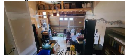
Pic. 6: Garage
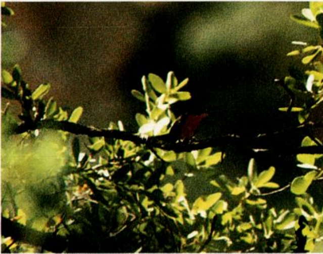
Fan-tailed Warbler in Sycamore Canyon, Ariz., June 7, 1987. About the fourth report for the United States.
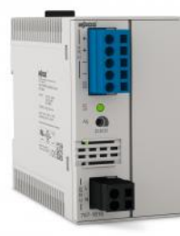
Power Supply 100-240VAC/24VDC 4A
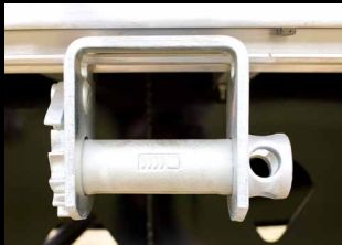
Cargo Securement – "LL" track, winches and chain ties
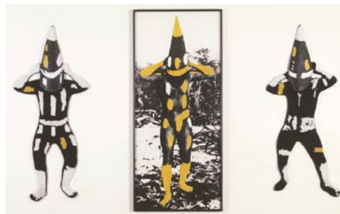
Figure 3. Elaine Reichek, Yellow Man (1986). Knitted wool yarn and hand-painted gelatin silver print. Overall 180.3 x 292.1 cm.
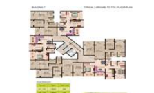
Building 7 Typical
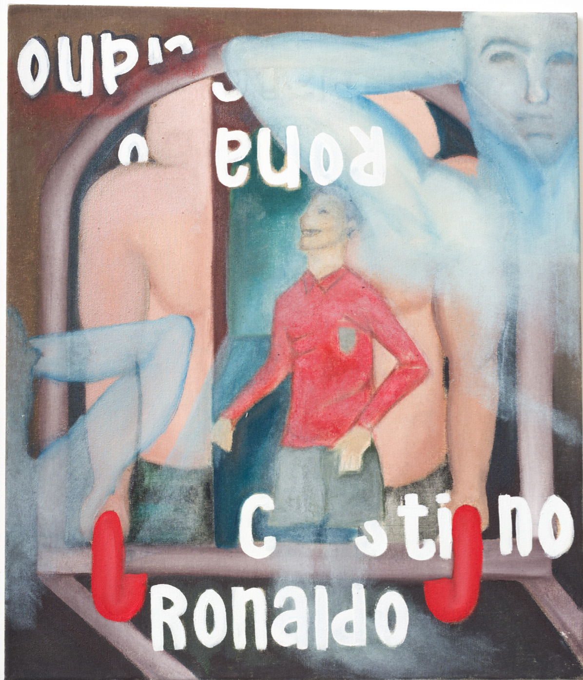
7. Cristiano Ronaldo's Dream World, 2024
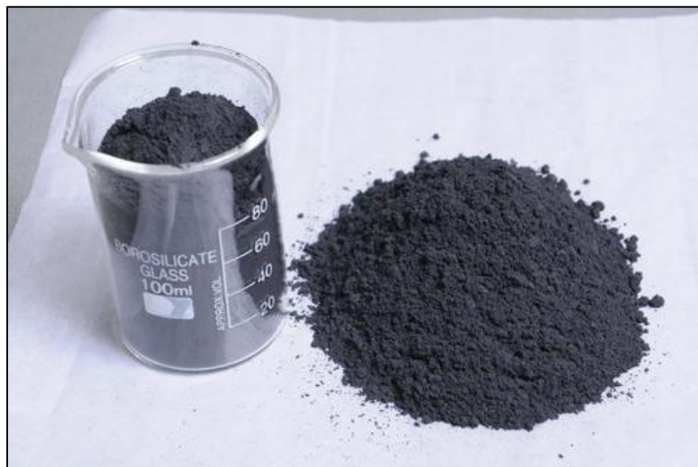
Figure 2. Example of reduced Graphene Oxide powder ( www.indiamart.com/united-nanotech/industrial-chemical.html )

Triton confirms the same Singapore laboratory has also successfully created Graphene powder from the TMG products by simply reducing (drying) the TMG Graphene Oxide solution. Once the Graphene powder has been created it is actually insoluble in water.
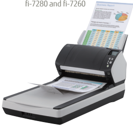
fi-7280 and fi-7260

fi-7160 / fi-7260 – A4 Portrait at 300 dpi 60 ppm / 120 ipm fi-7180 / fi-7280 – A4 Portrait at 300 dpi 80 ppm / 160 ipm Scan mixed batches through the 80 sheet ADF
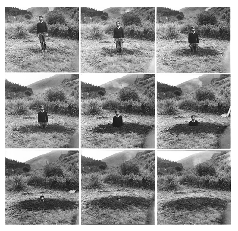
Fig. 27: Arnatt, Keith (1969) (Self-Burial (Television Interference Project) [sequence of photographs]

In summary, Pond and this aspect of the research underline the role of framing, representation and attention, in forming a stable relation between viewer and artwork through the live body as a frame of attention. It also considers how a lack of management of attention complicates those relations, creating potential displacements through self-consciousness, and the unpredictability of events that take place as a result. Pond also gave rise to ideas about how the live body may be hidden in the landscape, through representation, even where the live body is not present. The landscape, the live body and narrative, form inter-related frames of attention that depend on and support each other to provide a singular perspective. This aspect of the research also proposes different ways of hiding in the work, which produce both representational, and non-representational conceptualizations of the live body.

» WORK TASK
Check each line above for the word "Figure", and copy the lines where it appears.

» EXERCISE OUTPUT
Figure 3. Elaine Reichek, Yellow Man (1986). Knitted wool yarn and hand-painted gelatin silver print. Overall 180.3 x 292.1 cm.
Figure 2. Example of reduced Graphene Oxide powder ( www.indiamart.com/united-nanotech/industrial-chemical.html )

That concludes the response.